#### Input data
>>
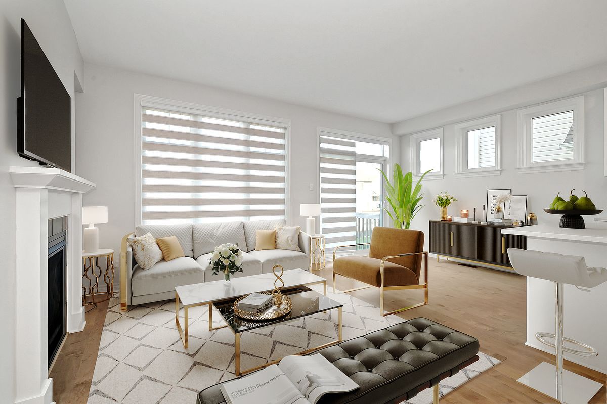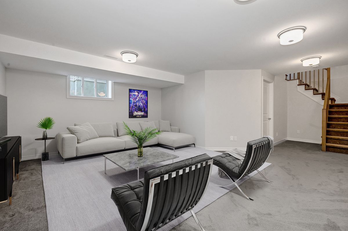 • Open-concept main floor with high ceilings and hardwood flooring.
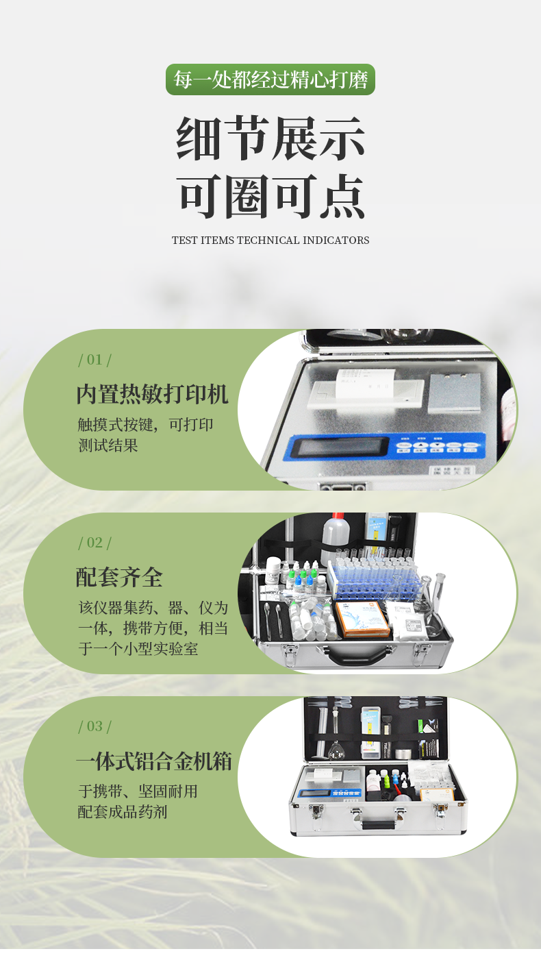 | 1、《機(jī)箱/藥劑一體式鋁合金機(jī)箱》設(shè)計(jì),便于攜帶、堅(jiān)固耐用,配套成品藥劑。 | 2、微電腦控制,數(shù)字化線路、程序化設(shè)計(jì),液晶顯示,交直流兩用,可野外流動(dòng)測(cè)試,**程度降低操作者的失誤和勞動(dòng)強(qiáng)度。 | 3、分辨率:0.001,觸摸式按鍵,內(nèi)置熱敏打印機(jī),可打印測(cè)試結(jié)果。 | 4、可檢測(cè)土壤及化肥、有機(jī)肥、植株中的速效氮、有效磷、速效鉀、全氮、全磷、全鉀、有機(jī)質(zhì)含量,土壤酸堿度,含鹽量,以及土壤鈣、鎂、硫、硼、氯、硅等6種中微量元素。 | 5、采用高亮度 LED 燈作為光源, 硅半導(dǎo)體作為信號(hào)接收系統(tǒng), 壽命長(zhǎng)達(dá)10萬(wàn)小時(shí)級(jí)別。光源穩(wěn)定,一致性好。 | 6、比色槽部分采用單通道、雙光路設(shè)計(jì),無(wú)機(jī)械位移及磨損,光路測(cè)試定位**,保證測(cè)定結(jié)果精度。 |
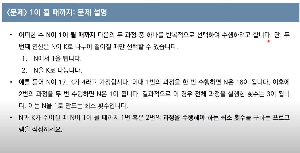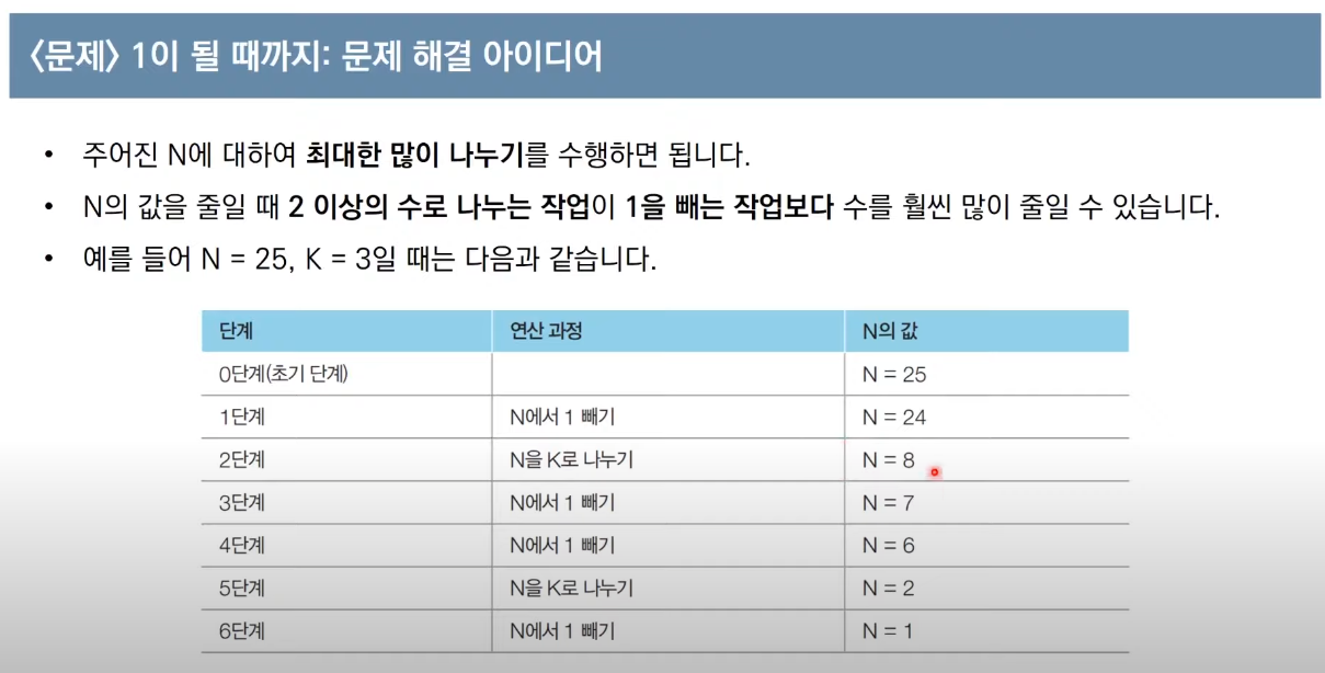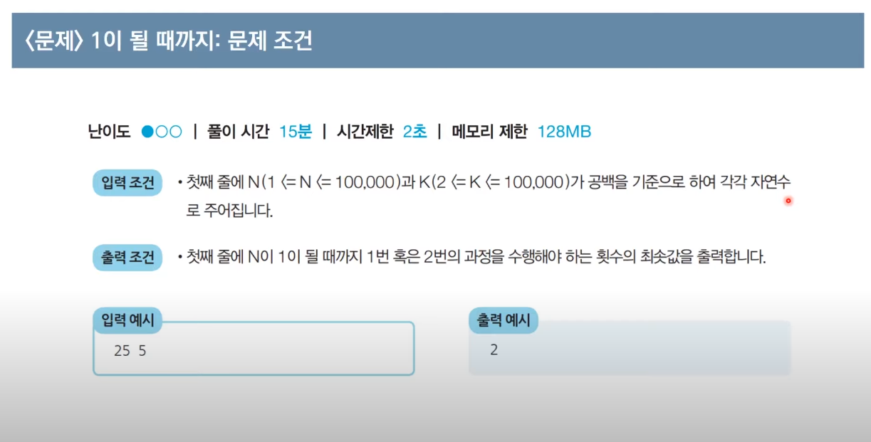 // N이 K보다 작을 때 (더 이상 나눌 수 없을 때) 반복문 탈출
<<
#### Aim of the exercise
Return the listing verbatim; pictures are not part of the copy.

#### Result
 • Open-concept main floor with high ceilings and hardwood flooring.
 | 1、《機(jī)箱/藥劑一體式鋁合金機(jī)箱》設(shè)計(jì),便于攜帶、堅(jiān)固耐用,配套成品藥劑。 | 2、微電腦控制,數(shù)字化線路、程序化設(shè)計(jì),液晶顯示,交直流兩用,可野外流動(dòng)測(cè)試,**程度降低操作者的失誤和勞動(dòng)強(qiáng)度。 | 3、分辨率:0.001,觸摸式按鍵,內(nèi)置熱敏打印機(jī),可打印測(cè)試結(jié)果。 | 4、可檢測(cè)土壤及化肥、有機(jī)肥、植株中的速效氮、有效磷、速效鉀、全氮、全磷、全鉀、有機(jī)質(zhì)含量,土壤酸堿度,含鹽量,以及土壤鈣、鎂、硫、硼、氯、硅等6種中微量元素。 | 5、采用高亮度 LED 燈作為光源, 硅半導(dǎo)體作為信號(hào)接收系統(tǒng), 壽命長(zhǎng)達(dá)10萬(wàn)小時(shí)級(jí)別。光源穩(wěn)定,一致性好。 | 6、比色槽部分采用單通道、雙光路設(shè)計(jì),無(wú)機(jī)械位移及磨損,光路測(cè)試定位**,保證測(cè)定結(jié)果精度。 |
 // N이 K보다 작을 때 (더 이상 나눌 수 없을 때) 반복문 탈출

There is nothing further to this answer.